INPUT DATA:
-- Opening Marker --
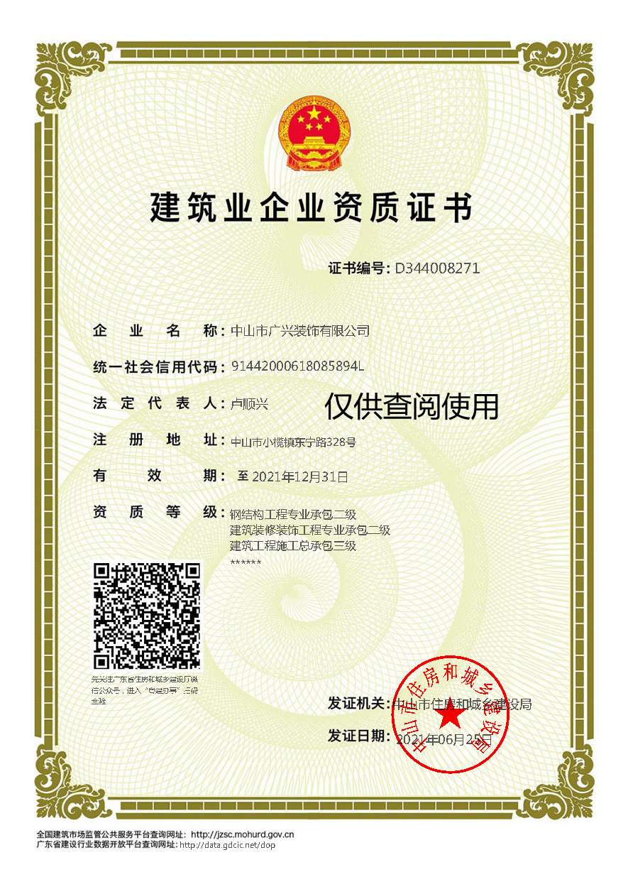 中山市廣興裝飾有限公司創(chuàng)建于1985年,是一家集鋼結(jié)構(gòu)、建筑、幕墻、裝修裝飾、鋁合金門窗專業(yè)的設(shè)計、加工及施工安裝為一體的大型綜合性建筑企業(yè)。公司總部位于中山市小欖鎮(zhèn),在中山和珠海均建有生產(chǎn)加工基地,總占地面積60000多平方米。
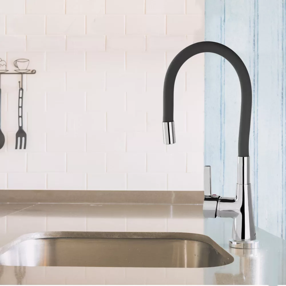 Mosogató álló csaptelep sötétszürke flexibilis csővel, gyémánt keménységű kerámia betéttel, 360 fokban elforgatható.
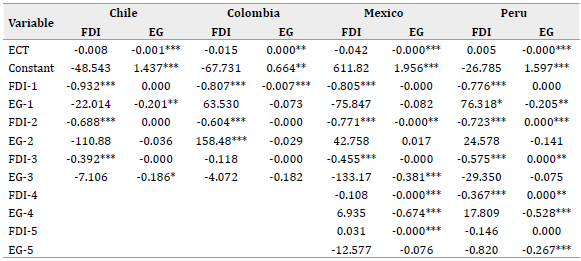 Considering that FDI and EG have a long-term relationship, it was possible to estimate a VEC model using each country's data to know how the variables adjust in short-term to long-term imbalances. Table 6 shows that in Chile, EG responded positively to long-term imbalances in FDI. This effect was statistically significant for the first three lags. However, long-term imbalances in EG did not significantly affect FDI. Therefore, the increase in EG did not contribute to attracting higher investment flows. In Colombia, on the other hand, EG responded negatively to long-term imbalances in FDI. However, the effect was significant only for the first lag. In turn, FDI responded positively to long-term imbalances in EG. In this case, the effect was statistically significant only for the second lag.
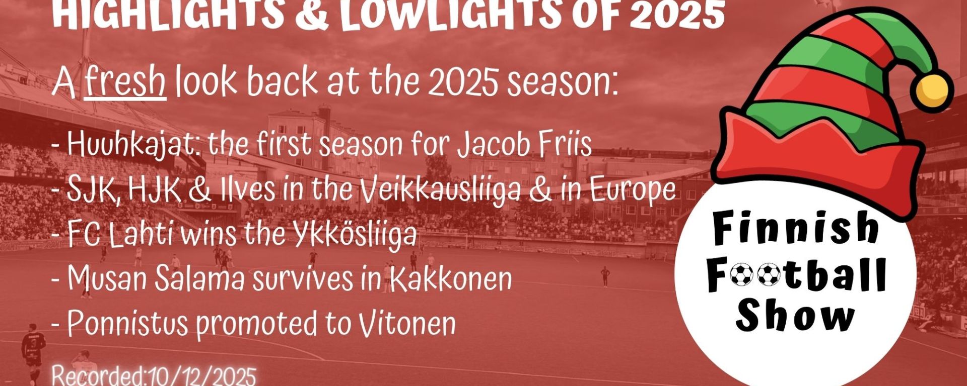Mark W, Ally and Rasmus take a look back at the 2025 Finnish football season. This is not just a highlights show, they take a fresh look at their own experiences of the past year and invite some regular contributors to join them. So, we also hear from Jules (SJK Seinäjoki), Joe (Musan Salama), Seppo (FC Lahti & international tournaments) and Keke & Mark H (Huuhkjat under Jacob Friis).
-- Closing Marker --
TASK GOAL: Print the complete listing exactly, apart from any pictures.

OUTPUT OF THE TASK:
 中山市廣興裝飾有限公司創(chuàng)建于1985年,是一家集鋼結(jié)構(gòu)、建筑、幕墻、裝修裝飾、鋁合金門窗專業(yè)的設(shè)計、加工及施工安裝為一體的大型綜合性建筑企業(yè)。公司總部位于中山市小欖鎮(zhèn),在中山和珠海均建有生產(chǎn)加工基地,總占地面積60000多平方米。
 Mosogató álló csaptelep sötétszürke flexibilis csővel, gyémánt keménységű kerámia betéttel, 360 fokban elforgatható.
 Considering that FDI and EG have a long-term relationship, it was possible to estimate a VEC model using each country's data to know how the variables adjust in short-term to long-term imbalances. Table 6 shows that in Chile, EG responded positively to long-term imbalances in FDI. This effect was statistically significant for the first three lags. However, long-term imbalances in EG did not significantly affect FDI. Therefore, the increase in EG did not contribute to attracting higher investment flows. In Colombia, on the other hand, EG responded negatively to long-term imbalances in FDI. However, the effect was significant only for the first lag. In turn, FDI responded positively to long-term imbalances in EG. In this case, the effect was statistically significant only for the second lag.
Mark W, Ally and Rasmus take a look back at the 2025 Finnish football season. This is not just a highlights show, they take a fresh look at their own experiences of the past year and invite some regular contributors to join them. So, we also hear from Jules (SJK Seinäjoki), Joe (Musan Salama), Seppo (FC Lahti & international tournaments) and Keke & Mark H (Huuhkjat under Jacob Friis).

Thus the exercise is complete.